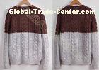 Full Chunky Mens Cable Knit Sweaters in Crew Neck with Coffe Grey Stripes , Two Tone
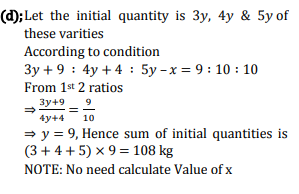 There are three varities of sugar with their quantity in the ratio of 3 : 4 : 5. If 9 kg of first variety and 4 kg of second variety are added to their respective quantity and x kg of 3rd type is removed from it, then final ratio becomes 9 : 10 : 10. Find the sum of initial quantities of these varieties.
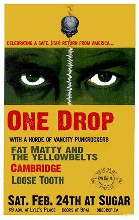 SO BE SURE TO COME OUT AND CELEBRATE ONE DROP'S SAFE (ISH) RETURN FROM AMERICA – SATURDAY, FEBRUARY 24TH AT SUGAR NIGHTCLUB. ONE DROP WILL BE JOINED BY VANCITY PUNKS CAMBRIDGE, FATY MATY AND THE YELLOWBELTS & LOOSE TOOTH!

◇ ◇ ◇ ◇

### The task
Copy the material verbatim. The pictures are not part of the copy.

### Answer to this task
 Full Chunky Mens Cable Knit Sweaters in Crew Neck with Coffe Grey Stripes , Two Tone
 There are three varities of sugar with their quantity in the ratio of 3 : 4 : 5. If 9 kg of first variety and 4 kg of second variety are added to their respective quantity and x kg of 3rd type is removed from it, then final ratio becomes 9 : 10 : 10. Find the sum of initial quantities of these varieties.
 SO BE SURE TO COME OUT AND CELEBRATE ONE DROP'S SAFE (ISH) RETURN FROM AMERICA – SATURDAY, FEBRUARY 24TH AT SUGAR NIGHTCLUB. ONE DROP WILL BE JOINED BY VANCITY PUNKS CAMBRIDGE, FATY MATY AND THE YELLOWBELTS & LOOSE TOOTH!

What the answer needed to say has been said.